### What you will do
Omit the images, then output each of the records below exactly.

Records from a data collection
--- START ---
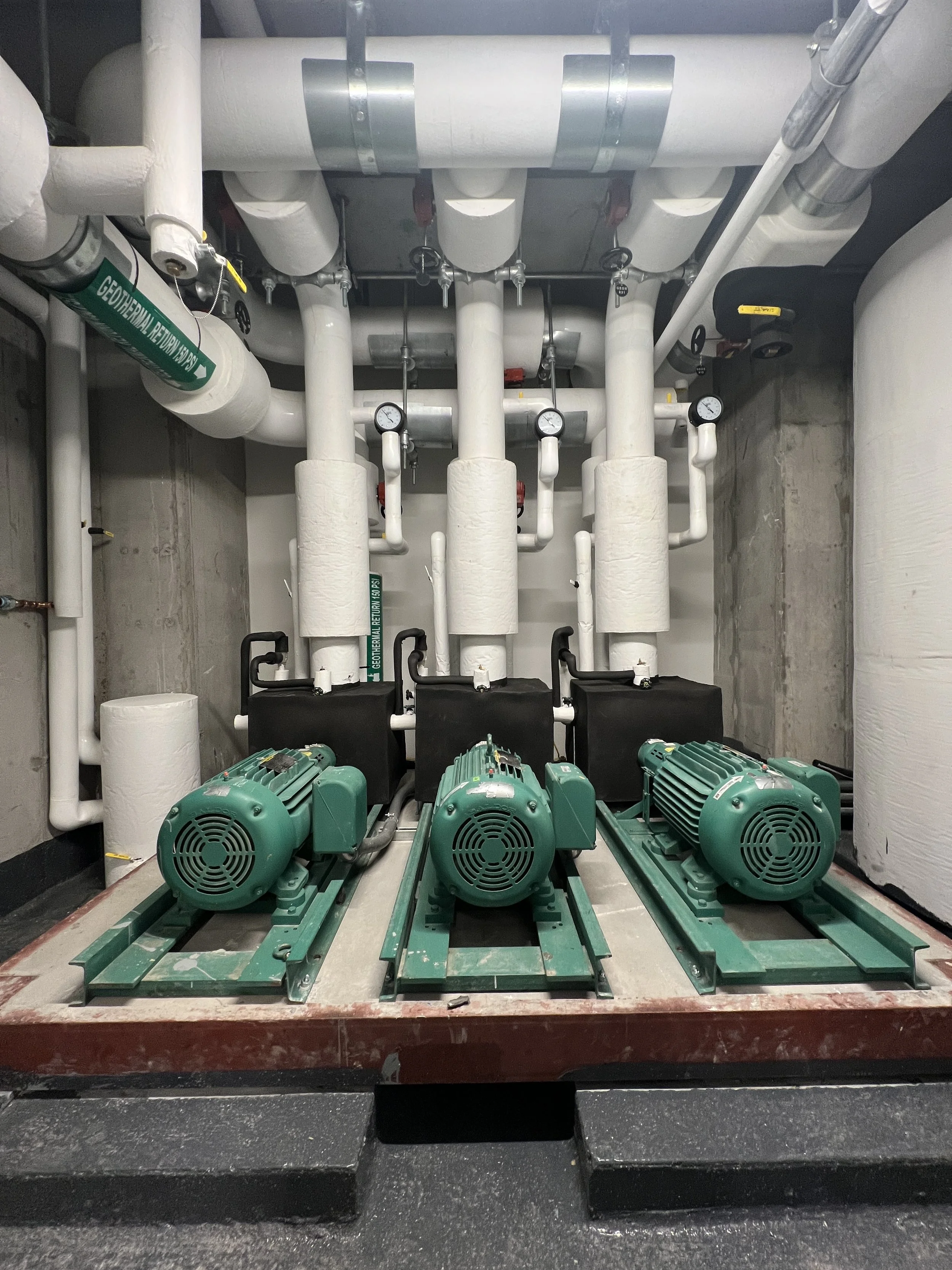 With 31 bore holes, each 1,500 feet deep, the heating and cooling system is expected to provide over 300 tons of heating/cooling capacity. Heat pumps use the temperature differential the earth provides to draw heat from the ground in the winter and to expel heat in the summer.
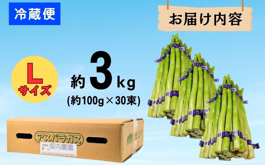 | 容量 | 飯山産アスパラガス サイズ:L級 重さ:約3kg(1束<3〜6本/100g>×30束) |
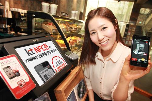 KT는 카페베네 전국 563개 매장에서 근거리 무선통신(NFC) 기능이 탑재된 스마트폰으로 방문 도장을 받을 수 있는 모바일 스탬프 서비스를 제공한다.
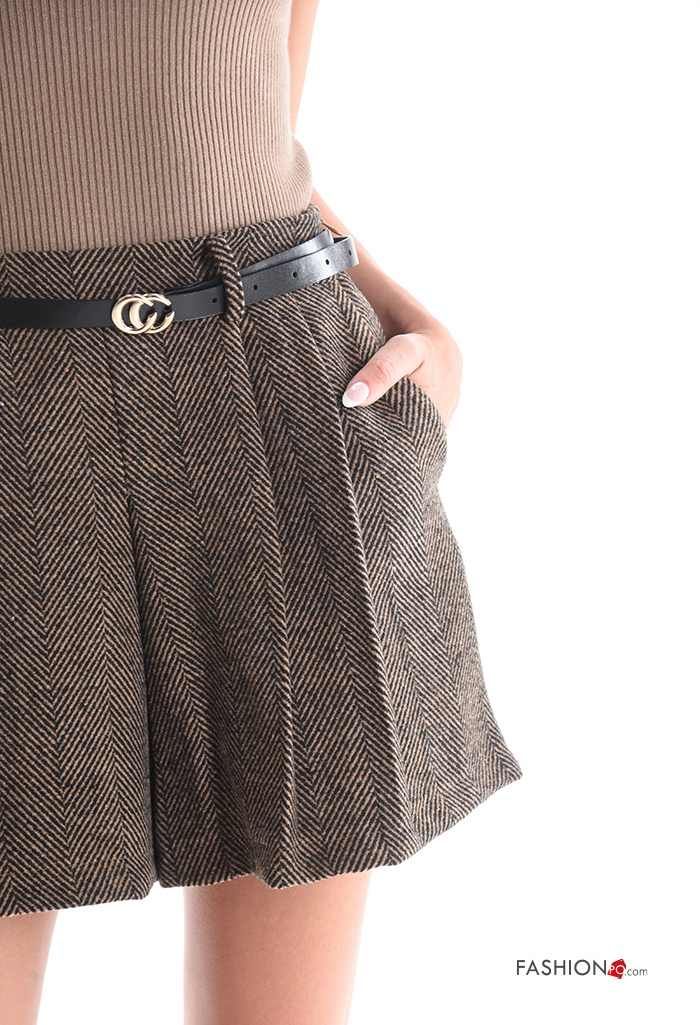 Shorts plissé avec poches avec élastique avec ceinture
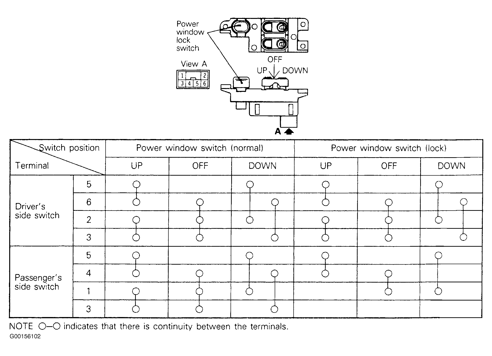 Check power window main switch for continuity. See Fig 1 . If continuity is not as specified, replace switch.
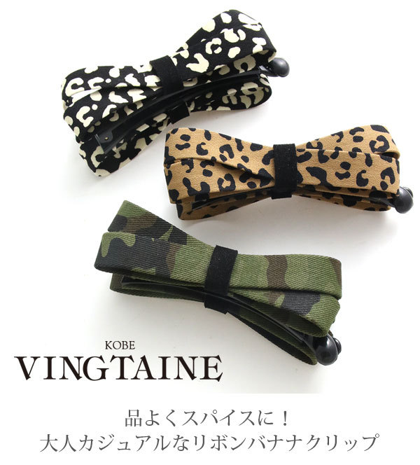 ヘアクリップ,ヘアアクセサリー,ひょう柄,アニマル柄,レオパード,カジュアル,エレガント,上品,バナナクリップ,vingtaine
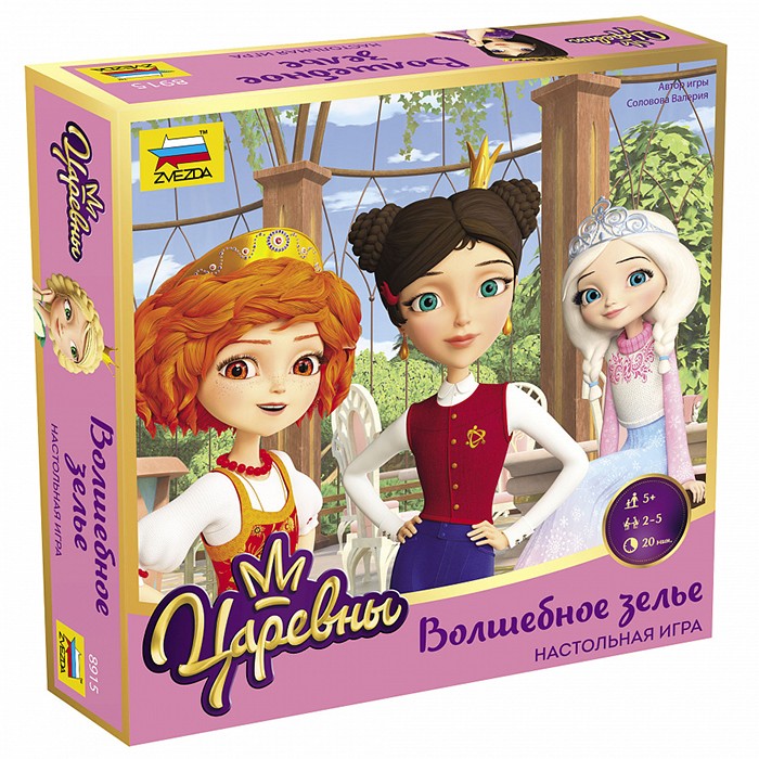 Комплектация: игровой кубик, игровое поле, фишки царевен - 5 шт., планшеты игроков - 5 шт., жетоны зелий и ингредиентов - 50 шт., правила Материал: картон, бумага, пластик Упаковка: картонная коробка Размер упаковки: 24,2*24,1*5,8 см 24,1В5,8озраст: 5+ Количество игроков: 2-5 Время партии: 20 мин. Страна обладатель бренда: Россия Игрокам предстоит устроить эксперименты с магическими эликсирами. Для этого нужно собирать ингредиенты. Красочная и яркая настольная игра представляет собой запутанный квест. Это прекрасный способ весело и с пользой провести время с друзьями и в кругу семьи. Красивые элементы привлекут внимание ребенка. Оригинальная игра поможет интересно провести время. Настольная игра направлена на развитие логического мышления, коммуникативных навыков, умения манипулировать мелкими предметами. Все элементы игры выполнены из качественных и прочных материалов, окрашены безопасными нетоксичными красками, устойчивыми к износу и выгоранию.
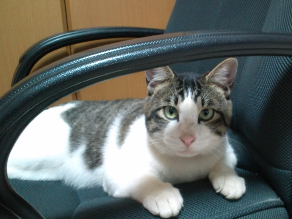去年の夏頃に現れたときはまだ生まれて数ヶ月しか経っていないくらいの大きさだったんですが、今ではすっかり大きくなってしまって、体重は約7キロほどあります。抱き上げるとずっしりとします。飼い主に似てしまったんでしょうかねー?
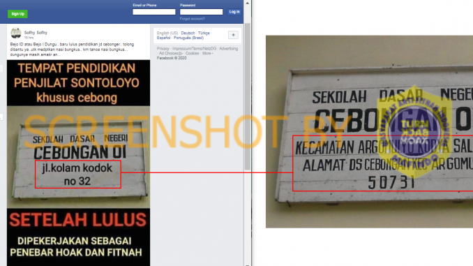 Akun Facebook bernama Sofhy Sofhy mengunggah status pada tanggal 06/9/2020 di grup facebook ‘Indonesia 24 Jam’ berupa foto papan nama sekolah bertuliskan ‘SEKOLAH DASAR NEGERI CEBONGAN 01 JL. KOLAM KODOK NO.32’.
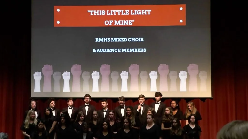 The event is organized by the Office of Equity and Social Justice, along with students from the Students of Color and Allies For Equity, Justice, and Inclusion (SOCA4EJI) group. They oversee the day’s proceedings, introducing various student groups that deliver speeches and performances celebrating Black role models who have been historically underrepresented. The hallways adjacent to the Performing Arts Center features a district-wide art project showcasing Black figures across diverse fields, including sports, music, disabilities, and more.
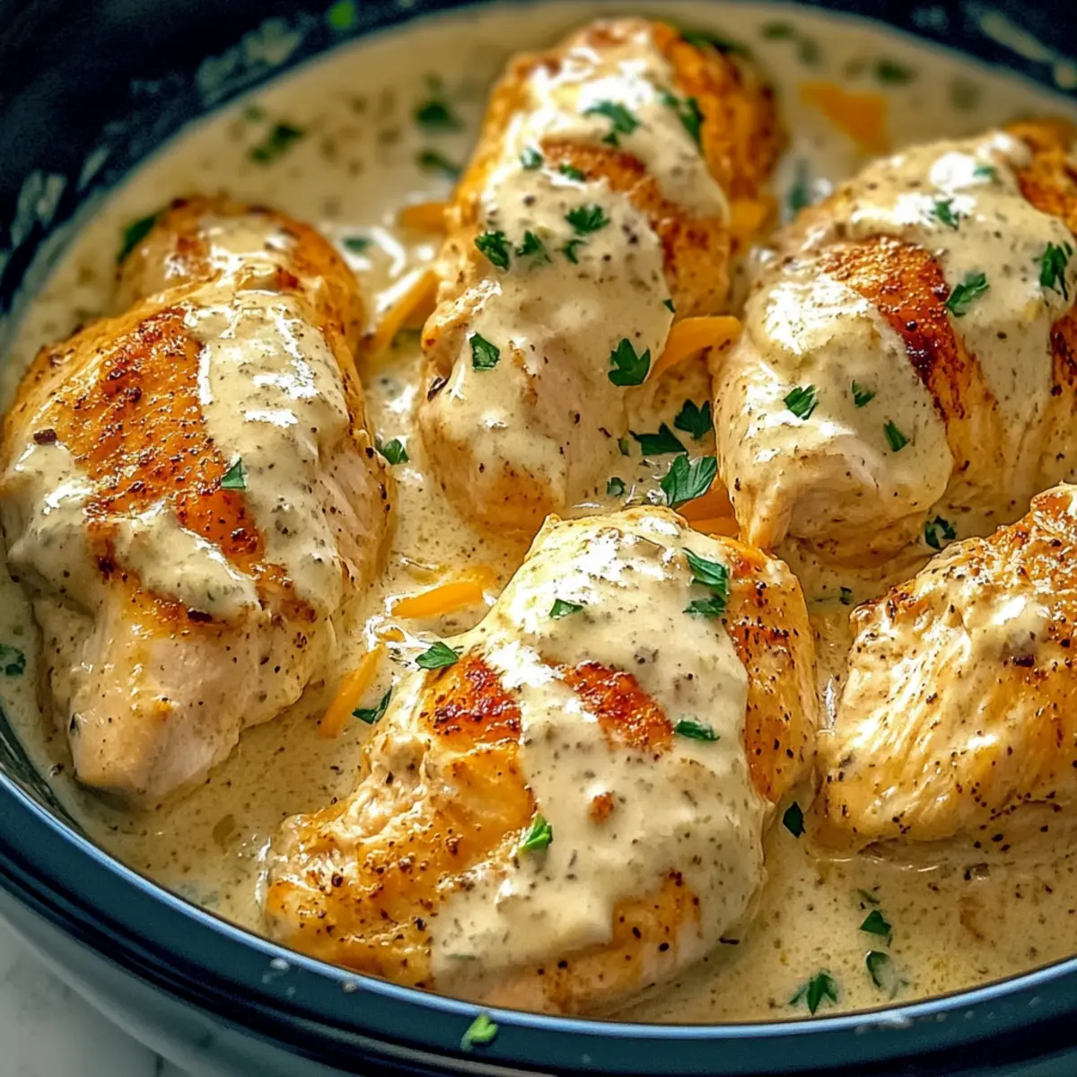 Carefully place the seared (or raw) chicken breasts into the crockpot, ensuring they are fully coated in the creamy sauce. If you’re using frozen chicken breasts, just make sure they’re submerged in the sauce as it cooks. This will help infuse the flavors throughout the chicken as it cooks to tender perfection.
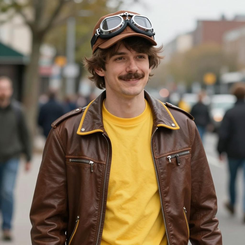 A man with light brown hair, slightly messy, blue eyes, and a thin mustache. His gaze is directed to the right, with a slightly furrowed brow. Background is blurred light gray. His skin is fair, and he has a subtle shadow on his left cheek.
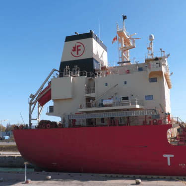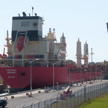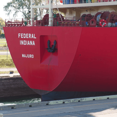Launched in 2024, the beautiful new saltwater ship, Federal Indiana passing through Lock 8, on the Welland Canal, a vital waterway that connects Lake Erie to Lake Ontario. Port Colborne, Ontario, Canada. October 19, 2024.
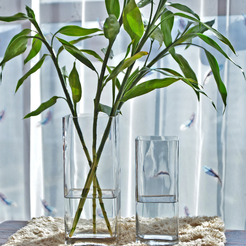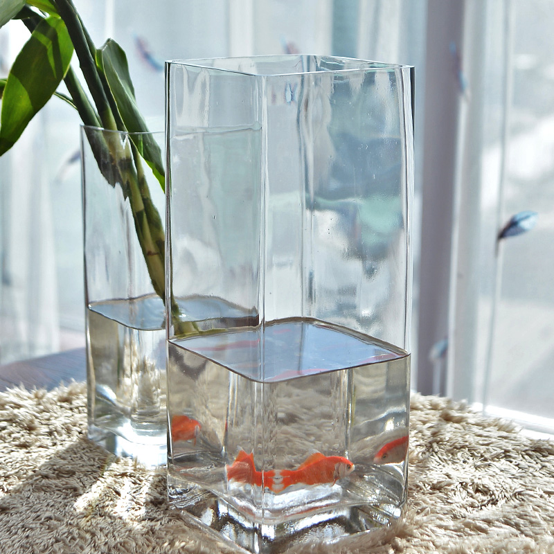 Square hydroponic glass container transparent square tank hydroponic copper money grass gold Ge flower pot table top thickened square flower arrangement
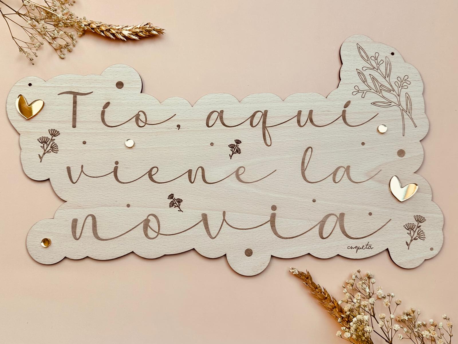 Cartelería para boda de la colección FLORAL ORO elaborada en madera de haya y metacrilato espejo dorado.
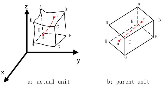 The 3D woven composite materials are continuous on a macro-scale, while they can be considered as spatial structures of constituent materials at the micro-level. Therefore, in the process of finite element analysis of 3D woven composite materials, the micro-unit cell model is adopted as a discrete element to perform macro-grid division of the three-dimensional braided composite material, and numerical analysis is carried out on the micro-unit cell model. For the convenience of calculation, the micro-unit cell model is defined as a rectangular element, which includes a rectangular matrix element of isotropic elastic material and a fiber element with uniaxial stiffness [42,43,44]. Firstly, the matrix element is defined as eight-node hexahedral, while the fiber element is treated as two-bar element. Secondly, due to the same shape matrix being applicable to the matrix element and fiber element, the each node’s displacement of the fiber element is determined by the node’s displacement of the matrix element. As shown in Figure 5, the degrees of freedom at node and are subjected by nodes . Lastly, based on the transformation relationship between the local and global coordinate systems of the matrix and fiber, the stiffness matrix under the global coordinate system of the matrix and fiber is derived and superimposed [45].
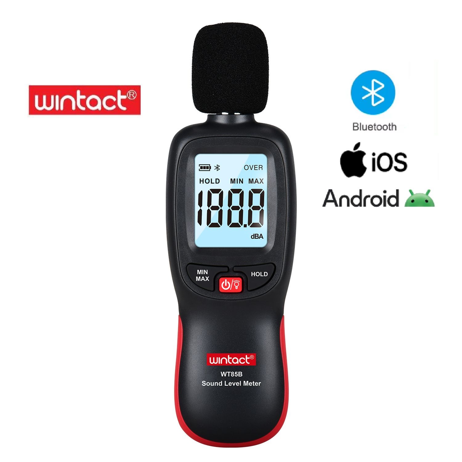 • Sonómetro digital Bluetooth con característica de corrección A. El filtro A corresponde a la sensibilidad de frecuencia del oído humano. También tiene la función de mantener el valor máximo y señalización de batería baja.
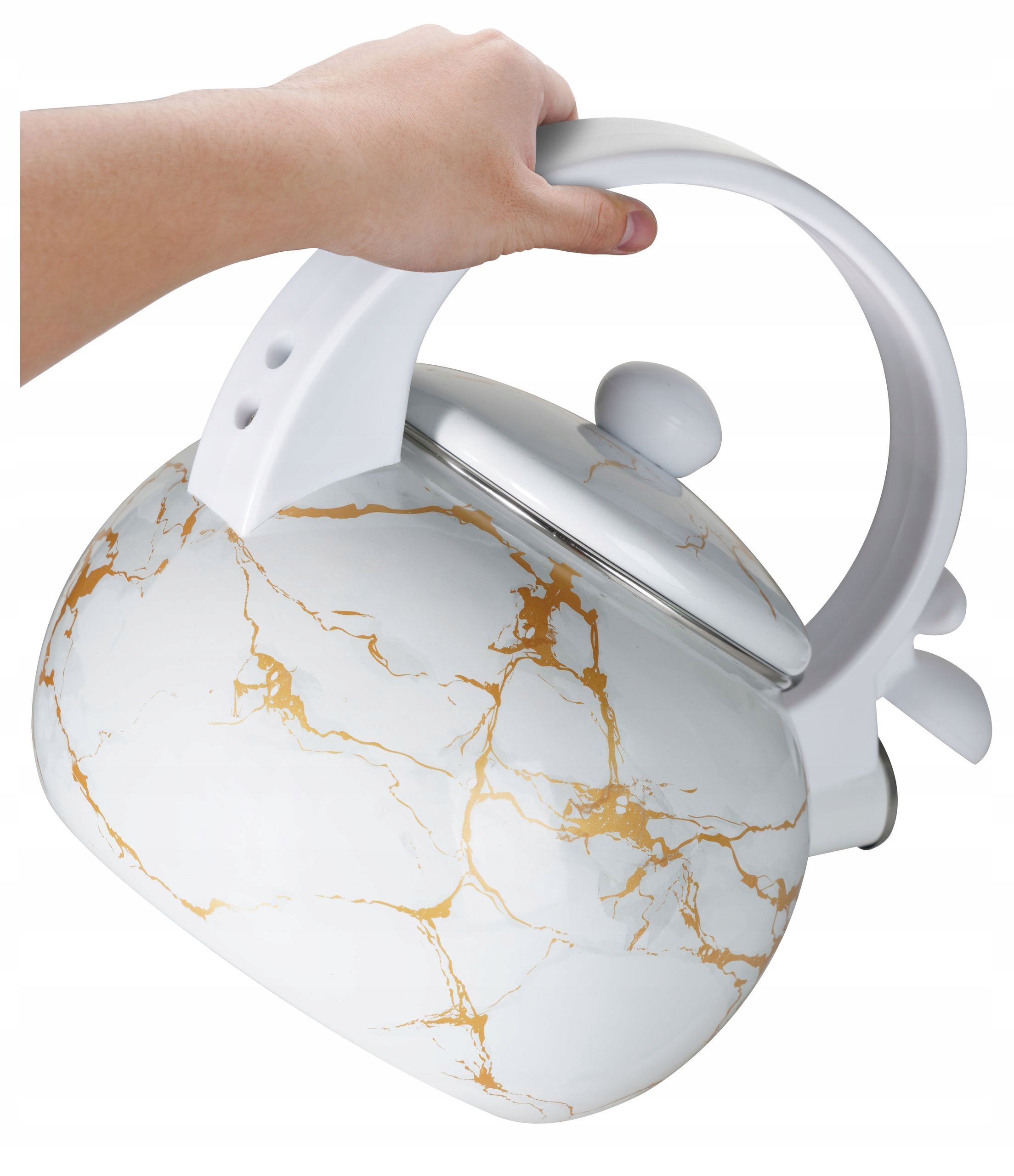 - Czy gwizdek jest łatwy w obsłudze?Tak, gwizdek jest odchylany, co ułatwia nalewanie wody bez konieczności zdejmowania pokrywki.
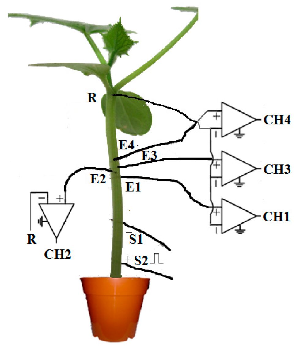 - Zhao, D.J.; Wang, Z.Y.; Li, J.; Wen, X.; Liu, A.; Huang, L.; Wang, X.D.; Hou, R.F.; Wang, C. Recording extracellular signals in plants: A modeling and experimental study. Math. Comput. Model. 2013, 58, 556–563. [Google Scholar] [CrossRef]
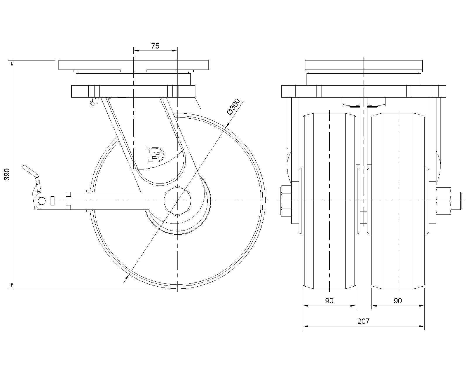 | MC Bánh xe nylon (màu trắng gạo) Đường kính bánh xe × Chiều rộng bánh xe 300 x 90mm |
--- END ---
### Solved exercise
 With 31 bore holes, each 1,500 feet deep, the heating and cooling system is expected to provide over 300 tons of heating/cooling capacity. Heat pumps use the temperature differential the earth provides to draw heat from the ground in the winter and to expel heat in the summer.
 | 容量 | 飯山産アスパラガス サイズ:L級 重さ:約3kg(1束<3〜6本/100g>×30束) |
 KT는 카페베네 전국 563개 매장에서 근거리 무선통신(NFC) 기능이 탑재된 스마트폰으로 방문 도장을 받을 수 있는 모바일 스탬프 서비스를 제공한다.
 Shorts plissé avec poches avec élastique avec ceinture
 Check power window main switch for continuity. See Fig 1 . If continuity is not as specified, replace switch.
 ヘアクリップ,ヘアアクセサリー,ひょう柄,アニマル柄,レオパード,カジュアル,エレガント,上品,バナナクリップ,vingtaine
 Комплектация: игровой кубик, игровое поле, фишки царевен - 5 шт., планшеты игроков - 5 шт., жетоны зелий и ингредиентов - 50 шт., правила Материал: картон, бумага, пластик Упаковка: картонная коробка Размер упаковки: 24,2*24,1*5,8 см 24,1В5,8озраст: 5+ Количество игроков: 2-5 Время партии: 20 мин. Страна обладатель бренда: Россия Игрокам предстоит устроить эксперименты с магическими эликсирами. Для этого нужно собирать ингредиенты. Красочная и яркая настольная игра представляет собой запутанный квест. Это прекрасный способ весело и с пользой провести время с друзьями и в кругу семьи. Красивые элементы привлекут внимание ребенка. Оригинальная игра поможет интересно провести время. Настольная игра направлена на развитие логического мышления, коммуникативных навыков, умения манипулировать мелкими предметами. Все элементы игры выполнены из качественных и прочных материалов, окрашены безопасными нетоксичными красками, устойчивыми к износу и выгоранию.
去年の夏頃に現れたときはまだ生まれて数ヶ月しか経っていないくらいの大きさだったんですが、今ではすっかり大きくなってしまって、体重は約7キロほどあります。抱き上げるとずっしりとします。飼い主に似てしまったんでしょうかねー?
 Akun Facebook bernama Sofhy Sofhy mengunggah status pada tanggal 06/9/2020 di grup facebook ‘Indonesia 24 Jam’ berupa foto papan nama sekolah bertuliskan ‘SEKOLAH DASAR NEGERI CEBONGAN 01 JL. KOLAM KODOK NO.32’.
 The event is organized by the Office of Equity and Social Justice, along with students from the Students of Color and Allies For Equity, Justice, and Inclusion (SOCA4EJI) group. They oversee the day’s proceedings, introducing various student groups that deliver speeches and performances celebrating Black role models who have been historically underrepresented. The hallways adjacent to the Performing Arts Center features a district-wide art project showcasing Black figures across diverse fields, including sports, music, disabilities, and more.
 Carefully place the seared (or raw) chicken breasts into the crockpot, ensuring they are fully coated in the creamy sauce. If you’re using frozen chicken breasts, just make sure they’re submerged in the sauce as it cooks. This will help infuse the flavors throughout the chicken as it cooks to tender perfection.
 A man with light brown hair, slightly messy, blue eyes, and a thin mustache. His gaze is directed to the right, with a slightly furrowed brow. Background is blurred light gray. His skin is fair, and he has a subtle shadow on his left cheek.
Launched in 2024, the beautiful new saltwater ship, Federal Indiana passing through Lock 8, on the Welland Canal, a vital waterway that connects Lake Erie to Lake Ontario. Port Colborne, Ontario, Canada. October 19, 2024.
 Square hydroponic glass container transparent square tank hydroponic copper money grass gold Ge flower pot table top thickened square flower arrangement
 Cartelería para boda de la colección FLORAL ORO elaborada en madera de haya y metacrilato espejo dorado.
 The 3D woven composite materials are continuous on a macro-scale, while they can be considered as spatial structures of constituent materials at the micro-level. Therefore, in the process of finite element analysis of 3D woven composite materials, the micro-unit cell model is adopted as a discrete element to perform macro-grid division of the three-dimensional braided composite material, and numerical analysis is carried out on the micro-unit cell model. For the convenience of calculation, the micro-unit cell model is defined as a rectangular element, which includes a rectangular matrix element of isotropic elastic material and a fiber element with uniaxial stiffness [42,43,44]. Firstly, the matrix element is defined as eight-node hexahedral, while the fiber element is treated as two-bar element. Secondly, due to the same shape matrix being applicable to the matrix element and fiber element, the each node’s displacement of the fiber element is determined by the node’s displacement of the matrix element. As shown in Figure 5, the degrees of freedom at node and are subjected by nodes . Lastly, based on the transformation relationship between the local and global coordinate systems of the matrix and fiber, the stiffness matrix under the global coordinate system of the matrix and fiber is derived and superimposed [45].
 • Sonómetro digital Bluetooth con característica de corrección A. El filtro A corresponde a la sensibilidad de frecuencia del oído humano. También tiene la función de mantener el valor máximo y señalización de batería baja.
 - Czy gwizdek jest łatwy w obsłudze?Tak, gwizdek jest odchylany, co ułatwia nalewanie wody bez konieczności zdejmowania pokrywki.
 - Zhao, D.J.; Wang, Z.Y.; Li, J.; Wen, X.; Liu, A.; Huang, L.; Wang, X.D.; Hou, R.F.; Wang, C. Recording extracellular signals in plants: A modeling and experimental study. Math. Comput. Model. 2013, 58, 556–563. [Google Scholar] [CrossRef]
 | MC Bánh xe nylon (màu trắng gạo) Đường kính bánh xe × Chiều rộng bánh xe 300 x 90mm |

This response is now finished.